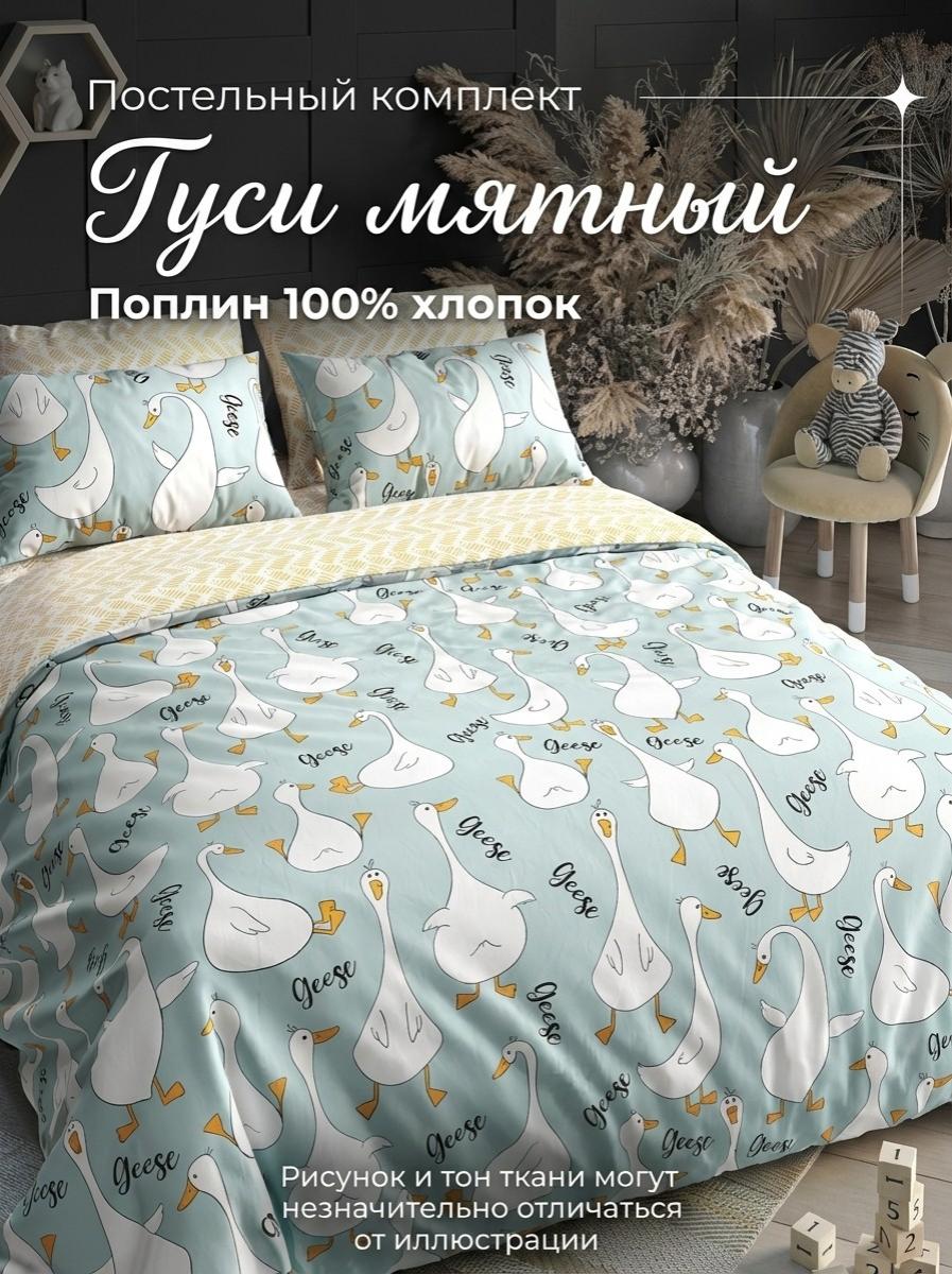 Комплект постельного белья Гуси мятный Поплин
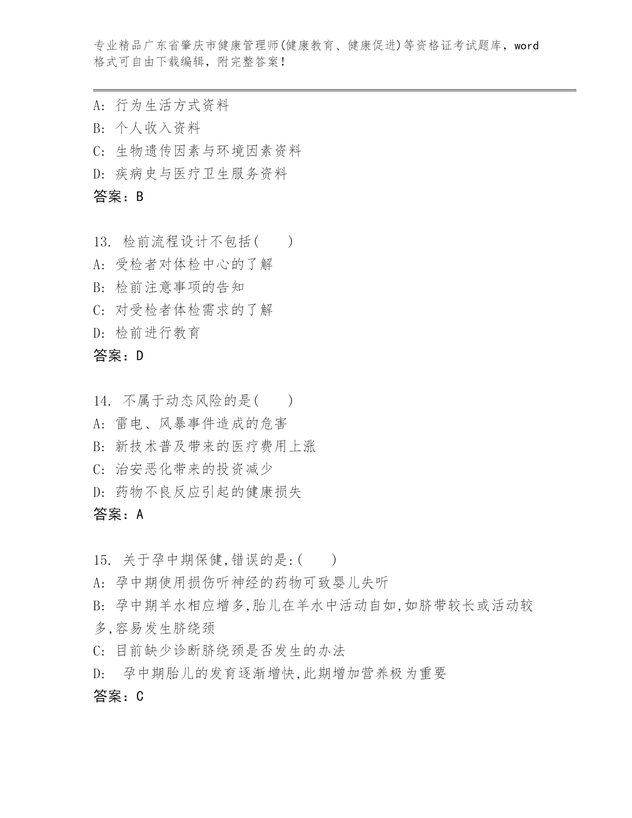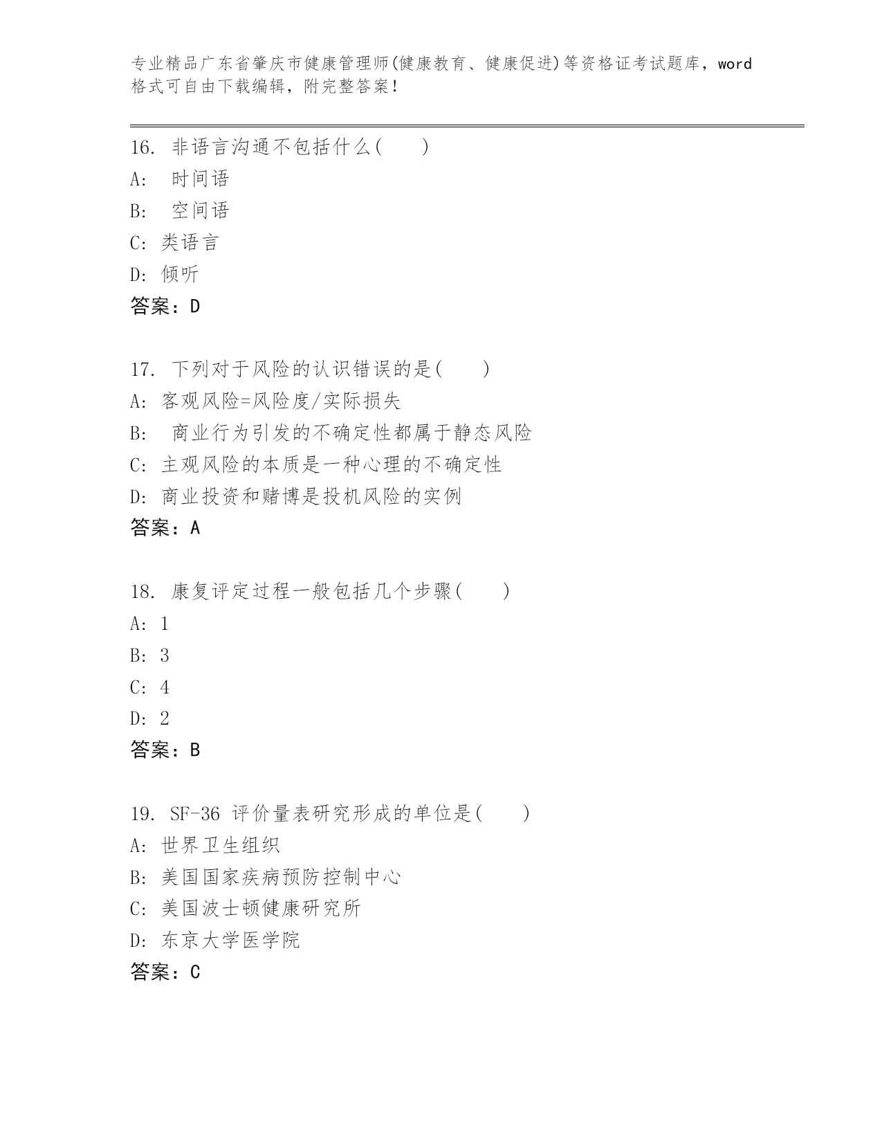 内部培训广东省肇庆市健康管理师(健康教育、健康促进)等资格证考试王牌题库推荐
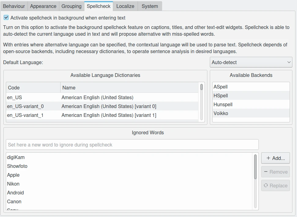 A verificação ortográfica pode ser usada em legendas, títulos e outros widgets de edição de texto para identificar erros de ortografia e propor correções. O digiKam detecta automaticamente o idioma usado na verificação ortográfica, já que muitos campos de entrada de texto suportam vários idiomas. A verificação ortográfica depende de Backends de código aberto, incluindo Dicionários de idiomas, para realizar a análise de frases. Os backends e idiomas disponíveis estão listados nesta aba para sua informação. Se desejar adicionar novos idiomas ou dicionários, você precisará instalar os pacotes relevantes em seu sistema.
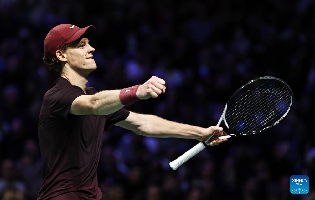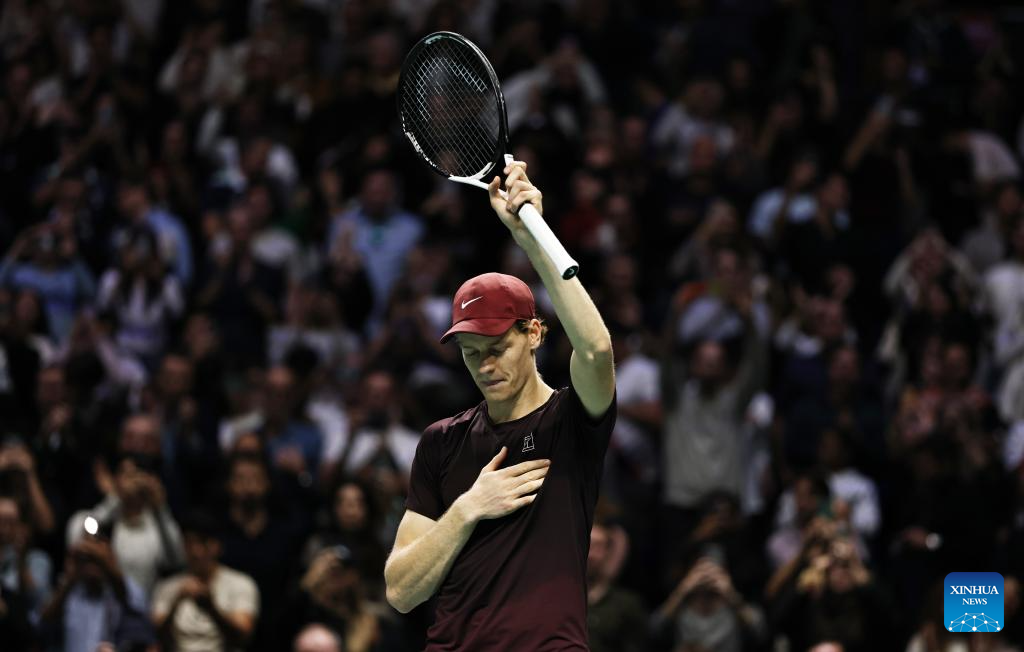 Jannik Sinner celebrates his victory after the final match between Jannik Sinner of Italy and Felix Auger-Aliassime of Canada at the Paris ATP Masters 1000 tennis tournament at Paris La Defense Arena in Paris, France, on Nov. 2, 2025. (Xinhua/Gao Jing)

━━━━━━━━━━━━━━━━

Exercise instructions →
Keep the pictures out and repeat exactly the lines from the beginning of the data through the line that contains "A verificação ortográfica pode", both ends included.

Your response →
 Комплект постельного белья Гуси мятный Поплин
 内部培训广东省肇庆市健康管理师(健康教育、健康促进)等资格证考试王牌题库推荐
 A verificação ortográfica pode ser usada em legendas, títulos e outros widgets de edição de texto para identificar erros de ortografia e propor correções. O digiKam detecta automaticamente o idioma usado na verificação ortográfica, já que muitos campos de entrada de texto suportam vários idiomas. A verificação ortográfica depende de Backends de código aberto, incluindo Dicionários de idiomas, para realizar a análise de frases. Os backends e idiomas disponíveis estão listados nesta aba para sua informação. Se desejar adicionar novos idiomas ou dicionários, você precisará instalar os pacotes relevantes em seu sistema.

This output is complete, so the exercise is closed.